The film directed by Gino Santos (‘Island Dreams‘) is more than what it sells –the sex, drugs, and tales of the wasted youth– it’s more specifically about a twenty something diagnosed with clinical depression and borderline schizophrenia and how he’s dealing with the life ahead of him. It has a style of storytelling that steers away from giving sympathy to its lead characters but that won’t keep you from caring. The cinematography, the musical scoring, the energetic vibe it gives off– they fall nothing short of Santos’ trademark that would really engage the audience. But the plot is nothing new to me since it’s reminiscent of Joselito Altarejos’ ‘Unfriend‘ with its commentary on the generation today and a micro view of the emotionally unstable youth. What’s impressive with #Y was the execution and casting. Everything just felt natural and well directed. Elmo Magalona really stood out from this film. His acting improved a lot, far from what I’ve seen on his stint at ‘Just One Summer’. It just proves how the right material can bring out the best in you. Coleen Garcia, Kit Thompson, and Sophia Albert provided their own individual characters impressively portraying a no nonsense liberated woman, a drug addict sex maniac douche, and an insecure virgin, respectively. Meanwhile Slater Young is mysterious and annoyingly adorable as Mark and Chynna Ortaleza is at her best portraying a brief yet necessary role as Abby, the girl whom Miles talks to in the suicide hotline.

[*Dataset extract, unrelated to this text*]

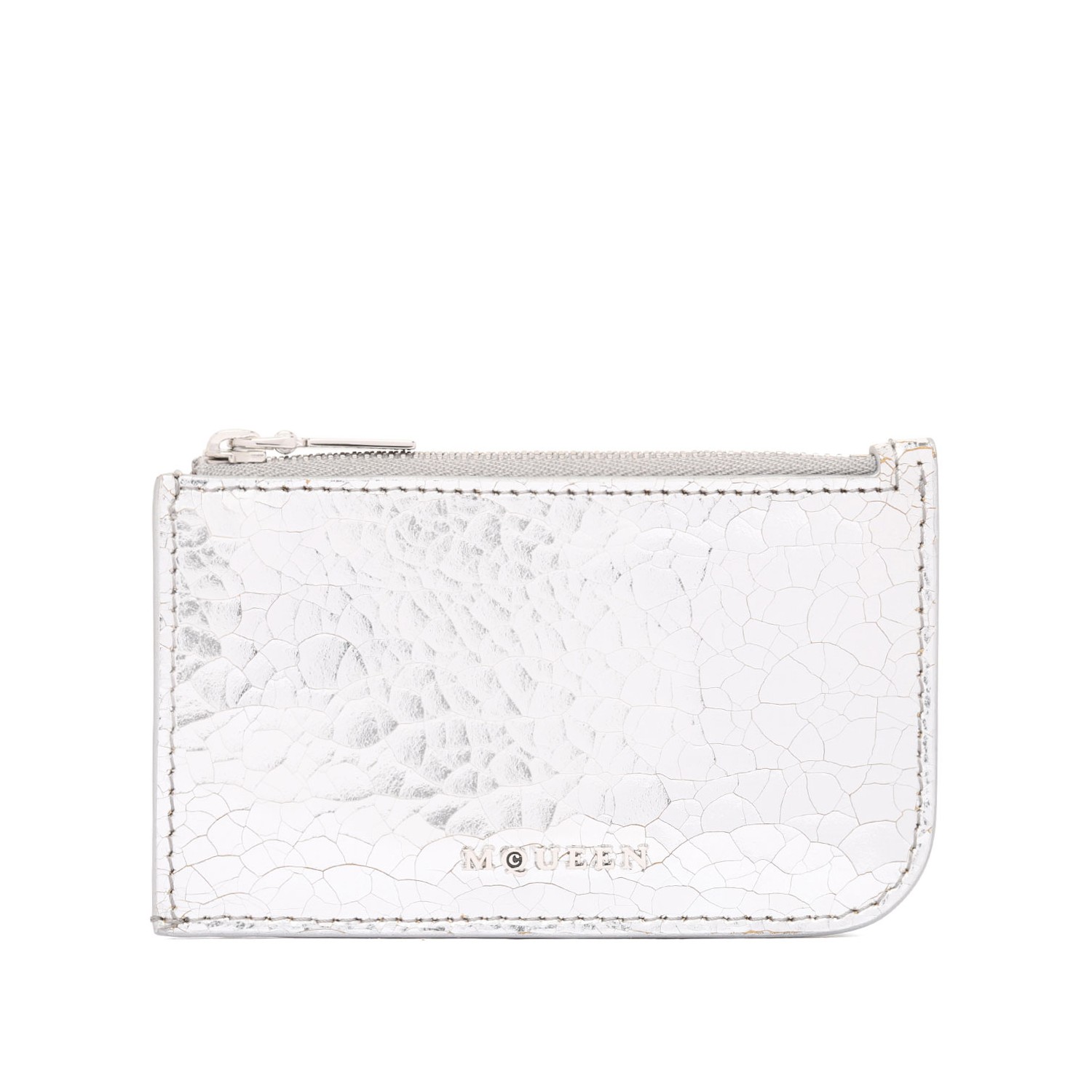 Alexander McQueen Silver Sling Zip Around Pouch. Silver sling zip around pouch, asymmetrical model crafted from beige suede calfskin. Metallic silver crackle coating. Features a central zip compartment and a card slot inside.

It also seem to be heavily inspired by Catcher in the Rye, which was cited in one of the scenes. Elmo’s Miles is the closest Holden Caulfield we could get in the local cinema: his crazy line of thought, his allergy to phonies, his fondness for a girl. The religion scene with Jana (Coleen Garcia) is also reminiscent of Caulfield. I like the reference so much, to tell you the truth.
Moreover, #Y is a mirror of the current millennial. It is a reminder that some things are just beyond our understanding and even if we care, we could only help so much. After all, to be understood and to be misunderstood is not so much.
Cinemalaya X runs from Aug. 1-10, 2014 in CCP, Trinoma, Fairview Terraces, Greenbelt 3, and Alabang Town Center.